Un taux record de récupération de chaleur

 

L’essentiel des apports lumineux se fait par les 40 m² en surface vitrée en façade sud, via des menuiseries triple vitrage équipées de brise-soleil orientables motorisés, fournies par le groupe allemand Pazen. «Le choix de cet industriel constitue l’une des principales sources de progression par rapport à la première Maison Europassive, souligne Vincent Kempf. Le châssis bois-alu présente une très haute performance avec un Uw limité à 0,68.» L’apport solaire constitue la principale source de chauffage de la maison. Le complément est apporté par une VMC double flux (de marque Paul Ventilation) aspirant l’air dans les pièces humides (cuisine, salle de bain) pour le restituer dans les pièces à vivre, avec un taux de récupération de la chaleur culminant à 94%. La maison a cependant été équipée de deux radiateurs électriques pour les mois les plus froids, avec une puissance maximale de 2000 W. Un puits canadien de 105 mètres de long, enterré à 2,5 mètres de profondeur, et un ballon ECS alimenté par deux panneaux solaires complètent les équipements techniques.

 

Une logique partenariale

 

Le choix d’artisans qualifiés et impliqués a été une préoccupation majeure pour l’agence KMO, qui a fait de la qualité et des valeurs humaines deux des piliers de sa marque Maison Europassive. Il s’agit aussi d’entreprises locales, à commencer par HL Structure Bois qui a assuré la préfabrication et l’assemblage de l’ossature ainsi que la pose des menuiseries.

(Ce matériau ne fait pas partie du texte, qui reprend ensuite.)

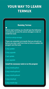 Learn Termux tutorials are designed to help you learn Termux from setting up the program and typing commands to using many of its tools The app explains the functions of the tools and how they can be installed and used in addition to many code examples to help you on your learning journey
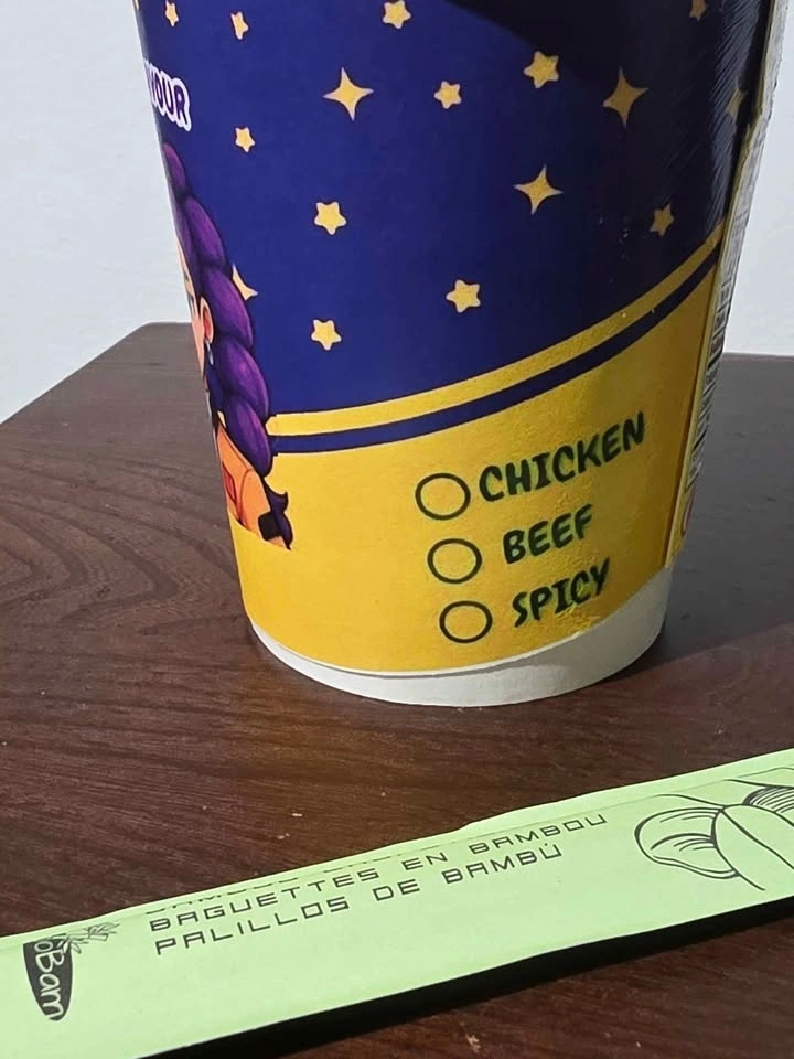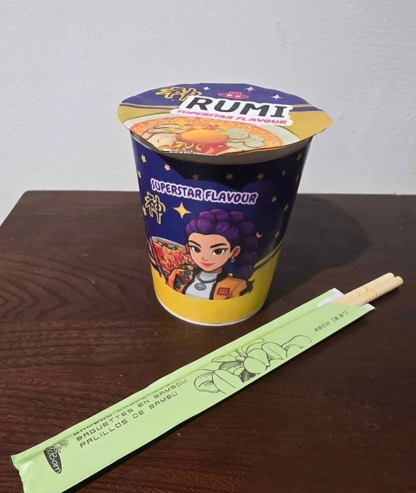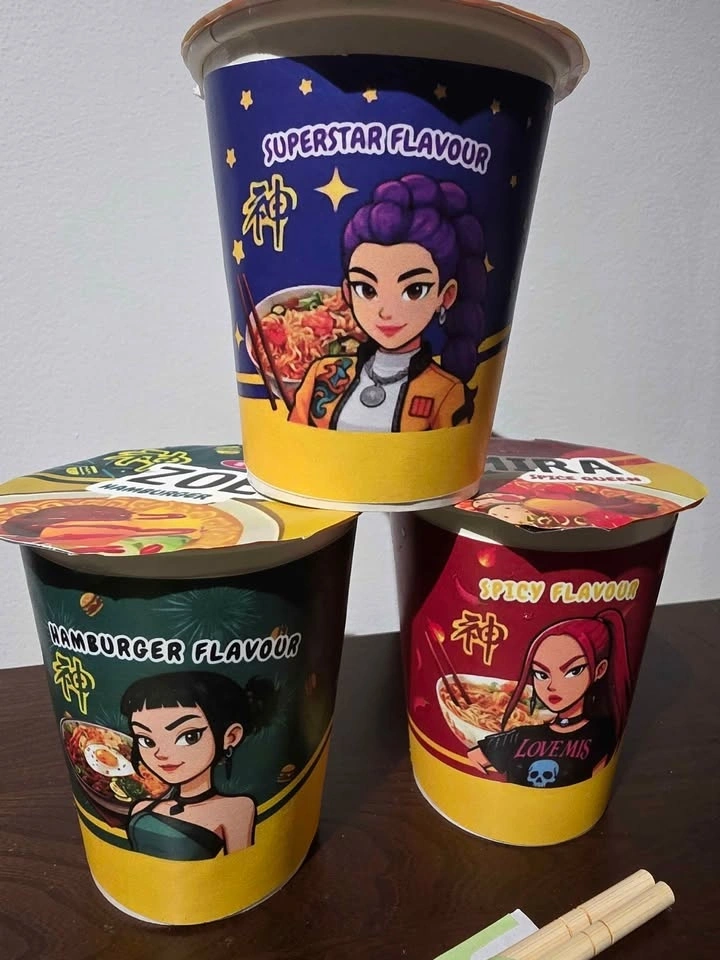 K-pop Demon Hunters ramen cups featuring 3 different designs: Tumi, Zoey, and Mira. Each cup has a flavor option on the side. Great for K-pop lovers, Easter, birthdays, or Christmas. Each soup comes with a pair of chopsticks. $5 each. Ask me about custom orders!

Les sociétés bas-rhinoises Bauer (plâtrerie), Wiedemann (étanchéité, végétalisation) et Stark (gros œuvre béton) figurent parmi les autres intervenants majeurs. L’expérience accumulée sur les deux premières maisons doit permettre d’améliorer la conduite des deux chantiers prévus en 2015. Menuiseries et isolants pourraient notamment être intégrés aux éléments d’ossature dès la phase atelier. En cours de certification Passivhaus, la maison d’Hochfelden a coûté 420 000 euros TTC, frais de maîtrise d’œuvre inclus, incluant la construction des 160 m² habitables et de 160 m² de garages et remises.